### Brief
Output exactly, and only, the stretch of lines beginning at the line with "- MULTI-FUNCTIONAL WALL" and ending at the last line of the listing below. Drop the pictures.

### Information shown
==*==
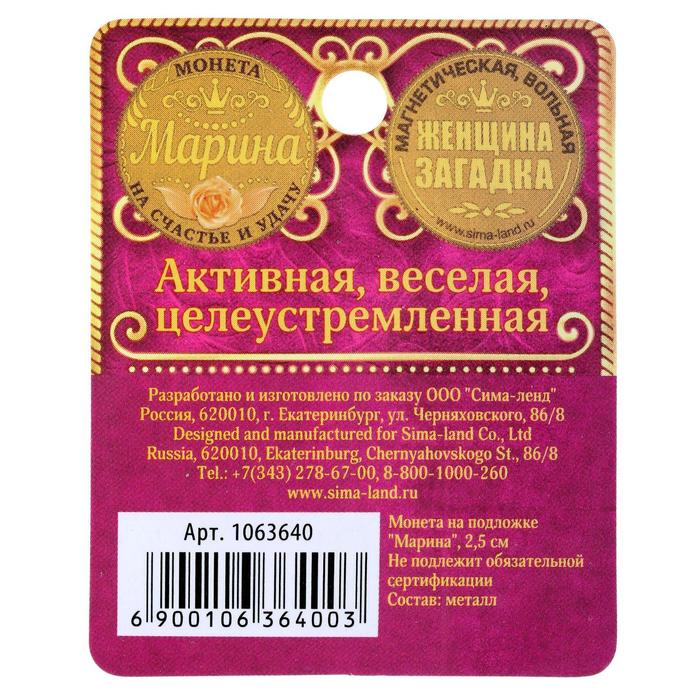 Всем известно, что самое приятное слово для любого человека — это его имя! С таким подарком, как монета именная "Марина", Вы точно не прогадаете!
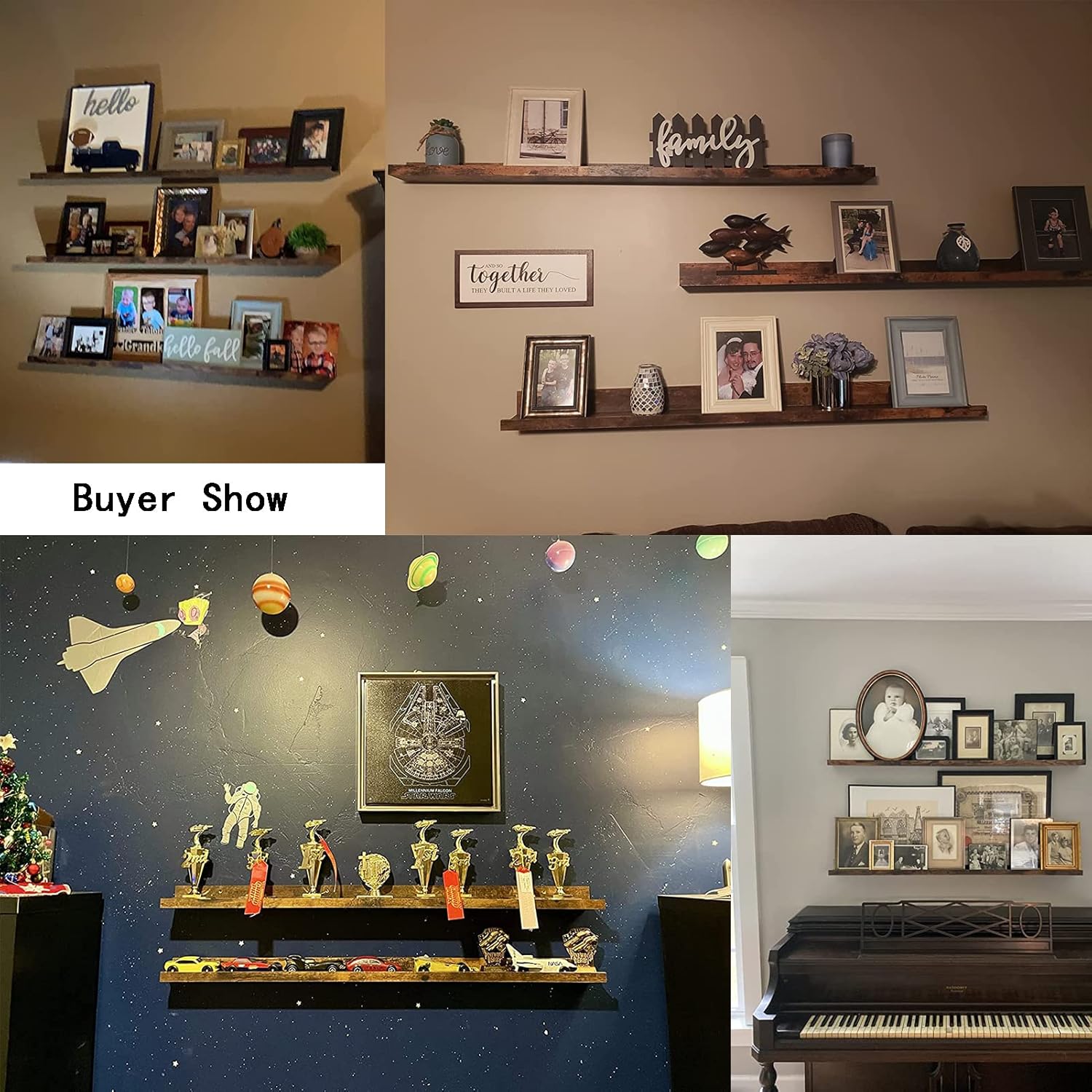 - MULTI-FUNCTIONAL WALL SHELF: As picture shelves, they can display your favorite arts and framed photos; As floating shelf for wall, they can display your collectibles, toys, awards, CD's, videos, small plants and another favorite objects; As wall shelfs organizer, it is a simple storage alternative that frees up floor and counter space.
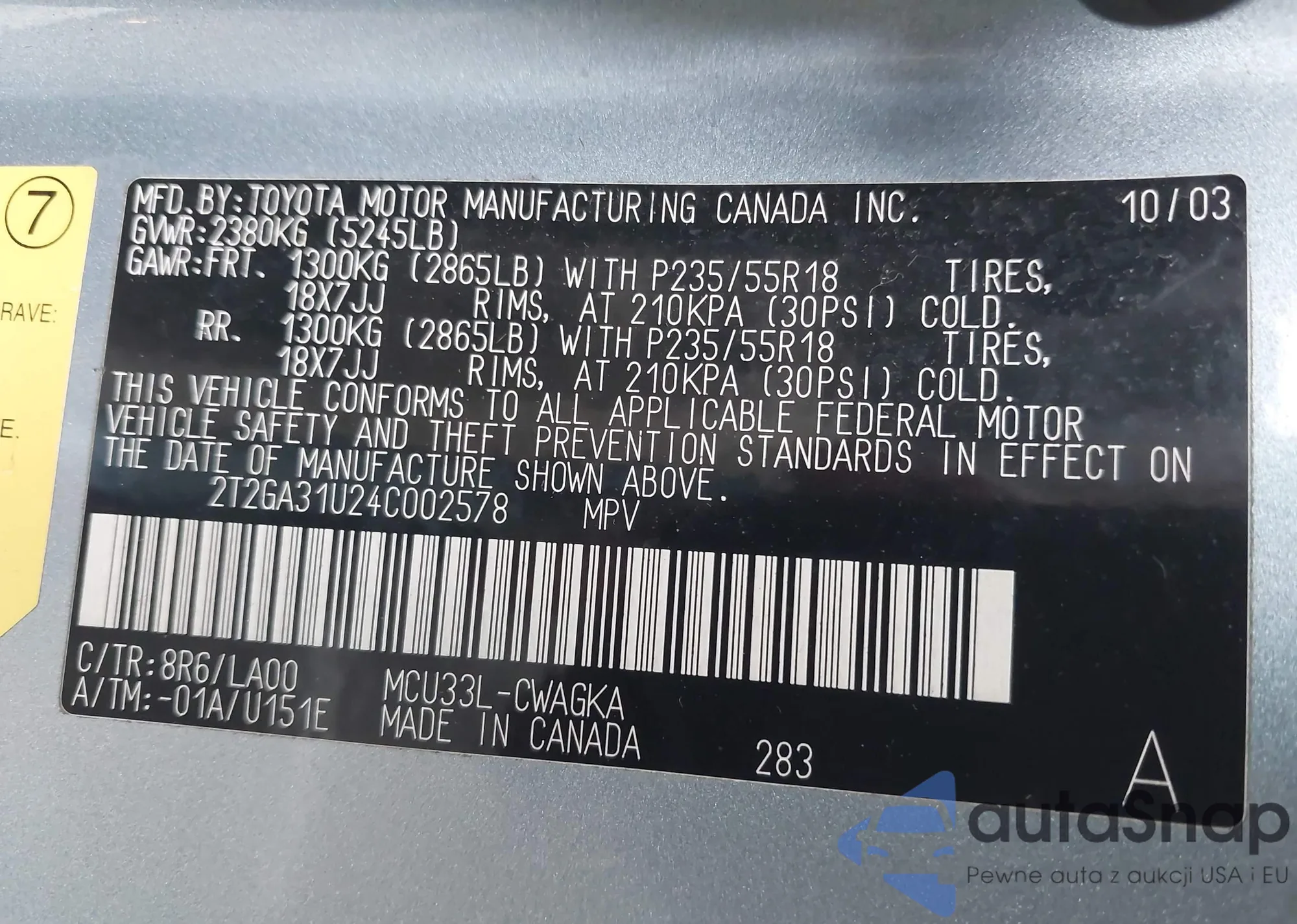 • VIN 2T2GA31U24C002578
==*==
### Response to this exercise
 - MULTI-FUNCTIONAL WALL SHELF: As picture shelves, they can display your favorite arts and framed photos; As floating shelf for wall, they can display your collectibles, toys, awards, CD's, videos, small plants and another favorite objects; As wall shelfs organizer, it is a simple storage alternative that frees up floor and counter space.
 • VIN 2T2GA31U24C002578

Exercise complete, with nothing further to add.